DUB Seminar will be conducted using Zoom, via an invitation distributed to the DUB mailing list. Participants who are logged into Zoom using a UW account will be directly admitted, and participants who are not logged in to a UW account will be admitted using a Zoom waiting room.
Every year many students diagnosed with Attention Deficit and Hyperactivity Disorders (ADHD) join universities to pursue a college degree. Approximately 2% to 8% of college students with disabilities are diagnosed with ADHD. These percentages are not considering the undiagnosed students, but with the disorder. This disability in college campuses is also known to be one of the largest increases seen in students as a hidden disability. The PI’s institution has approximately 1500 students with disabilities and 342 of those students are diagnosed with ADHD and this number keeps increasing. Typically, the course’s curriculum expects these students to perform at the same level as those with a high attention span. Lectures are not designed with students with attention deficit in mind. Therefore, these students may spend more time studying outside the classroom. However, while studying, they do not notice their attention drifts away until several minutes later. Currently, there is no artistic neurophysiological method to help students improve attention retention. In this talk, I discuss how artistic Brain-Computer Interfaces (BCIs) could help students with ADHD improve their attention retention by creating abstract paintings with their brains. Furthermore, I provide a quick introduction to BCIs and describe how other BCIs methods can be adapted to help the ADHD community improve their attention and affective/emotional state.
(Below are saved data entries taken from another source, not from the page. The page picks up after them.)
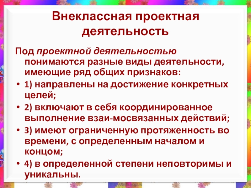 Под проектной деятельностью понимаются разные виды деятельности, имеющие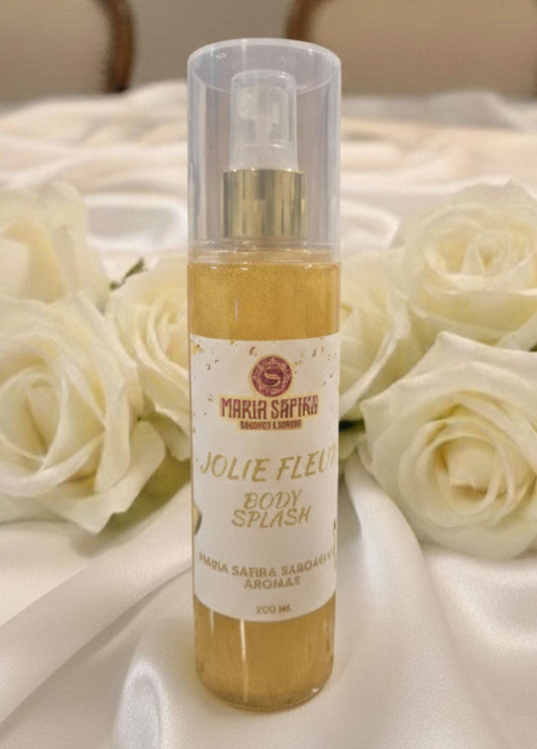 Apresentamos o nosso Body Splash JOLIE FLEUR. Uma fragrância floral solar composta por bergamota, magnólia, jasmim e Pêra, com um toque quente e aveludado de almíscar e Baunilha, que exala sofisticação, delicadeza e poder em cada borrifada. É o toque de ouro que faltava no seu dia a dia! 🌸👑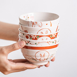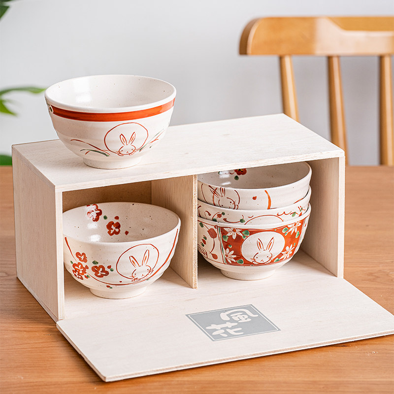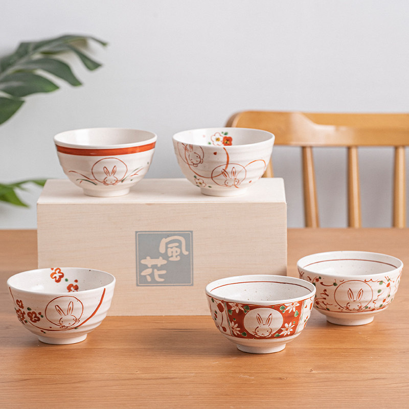 Xiaolutayaki, импортированный из Японии, набор из пяти предметов, чаша для риса с цветком ветра, снежным кроликом, маленькая миска для риса, подарочная коробка на новоселье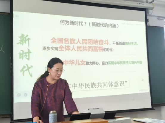 教师叶晓丽在理论讲授“新时代是全国各族人民团结奋斗、不断创造美好生活、逐步实现全体人民共同富裕的时代”时。从古代丝绸之路沿线各民族的交流交融,到近代以来各民族共同抵御外侮、争取民族独立和人民解放的伟大征程;从新中国成立后党和国家推行的民族区域自治制度,到新时代以来各民族在脱贫攻坚、乡村振兴等国家战略中携手共进的生动实践,用通俗易懂的语言和清晰的逻辑,将抽象的理论知识转化为鲜活的历史与现实画面,让学生深刻认识到,中华民族共同体意识是历史的必然、现实的需要,更是未来的方向。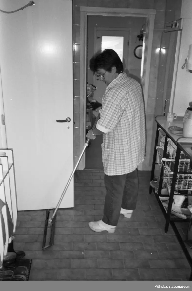 En kvinnlig anställd, iklädd städrock, svabbar av klinkergolvet i hallen på Katrinebergs daghem.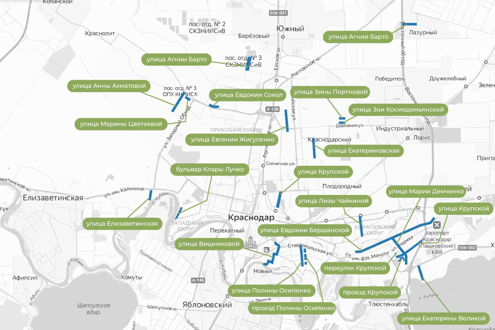 Кстати, изначально нынешний Краснодар был поименован в честь императрицы Екатерины Великой и звался Екатеринодаром. «Петр вывел женщину в свет. Новой роли аккомпанировали топонимы, образованные от женских личных имен», — комментирует Сергей Никитин. Сегодня на карте южного города от Екатерины осталось не так мало: в ее честь названа площадь напротив заксобрания, ее имя носит аэропорт. Еще есть две крохотные улицы — в дачном товариществе и частном секторе. Но сам город имени императрицы не сохранил.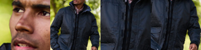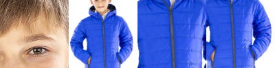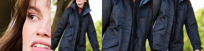 PVC coated polyester outer. Polyester padding and lining. Showerproof. Concealed hood under zip flap. Elasticated drawcord in collar. Full length zip with studded storm flap. Zip off sleeves. Adjustable cuffs. Two front pockets. Inner pocket, zip pocket and phone pocket. Drawcord hem. Zip access for decoration.

Dr. Marvin Andujar (www.marvinandujar.com) is an Assistant Professor and Lab Director of the Neuro-Machine Interaction research lab (www.neurosymbiosis.com) in the Department of Computer Science and Engineering at the University of South Florida, Tampa, FL. He received his Ph.D. in Human-Centered Computing from the University of Florida. During his Ph.D. studies, Dr. Andujar was recognized as a National Science Foundation Graduate Research Fellow, a GEM Fellow, a Generation’s Google Scholar, and an Intel Scholar. His research concentration is on Affective Brain-Computer Interfaces where he focuses on measuring and decoding the user’s affective state from the brain during human-machine interaction. His dissertation work focused on measuring the effectiveness of quantified-self attention feedback from the brain towards user’s attention improvement.
Dr. Andujar is the researcher who started the Brain-Computer Interface initiative in the department at his current institution. His effort has led to multiple publications in journals and conferences, obtain external funding from the CEO of Intel along with his colleagues, and co-founded the world’s first Brain-Drone Race. His work has been showcased in more than 600 media outlets worldwide including US News, New York Times, Associated Press, and Yahoo News, among others. Recently, he has been named as one of the top 10 under 40 in Tampa Bay for his work and c ontribution to the community. Lastly, he is a member of ACM SIGCHI, IEEE Computers, and the Brain-Computer Interface Society.